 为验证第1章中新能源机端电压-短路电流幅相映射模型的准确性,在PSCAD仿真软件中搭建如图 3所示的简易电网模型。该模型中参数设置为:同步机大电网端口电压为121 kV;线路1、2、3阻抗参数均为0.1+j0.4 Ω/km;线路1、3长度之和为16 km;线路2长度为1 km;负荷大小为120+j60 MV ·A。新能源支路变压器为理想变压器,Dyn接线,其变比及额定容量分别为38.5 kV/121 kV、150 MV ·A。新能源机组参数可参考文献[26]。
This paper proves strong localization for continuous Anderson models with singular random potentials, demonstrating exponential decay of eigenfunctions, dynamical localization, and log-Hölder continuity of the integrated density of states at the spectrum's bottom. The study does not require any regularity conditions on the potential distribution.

==

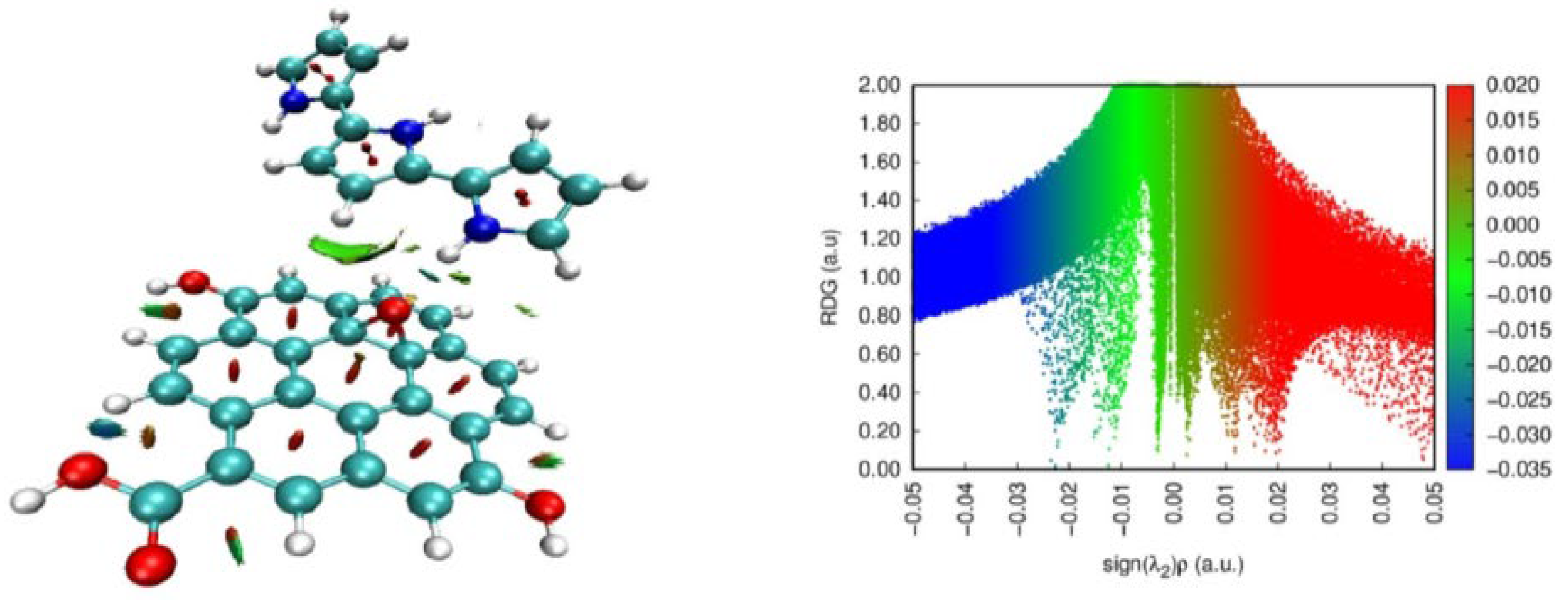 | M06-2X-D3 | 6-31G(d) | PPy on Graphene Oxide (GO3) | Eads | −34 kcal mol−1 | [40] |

## TASK:
Using the records above, restate word for word the lines from the one with "kV、150 MV ·A。新能源机组参数可参考文献[26]。" through the one with "This paper proves", both included.

## WRITTEN SOLUTION:
 为验证第1章中新能源机端电压-短路电流幅相映射模型的准确性,在PSCAD仿真软件中搭建如图 3所示的简易电网模型。该模型中参数设置为:同步机大电网端口电压为121 kV;线路1、2、3阻抗参数均为0.1+j0.4 Ω/km;线路1、3长度之和为16 km;线路2长度为1 km;负荷大小为120+j60 MV ·A。新能源支路变压器为理想变压器,Dyn接线,其变比及额定容量分别为38.5 kV/121 kV、150 MV ·A。新能源机组参数可参考文献[26]。
This paper proves strong localization for continuous Anderson models with singular random potentials, demonstrating exponential decay of eigenfunctions, dynamical localization, and log-Hölder continuity of the integrated density of states at the spectrum's bottom. The study does not require any regularity conditions on the potential distribution.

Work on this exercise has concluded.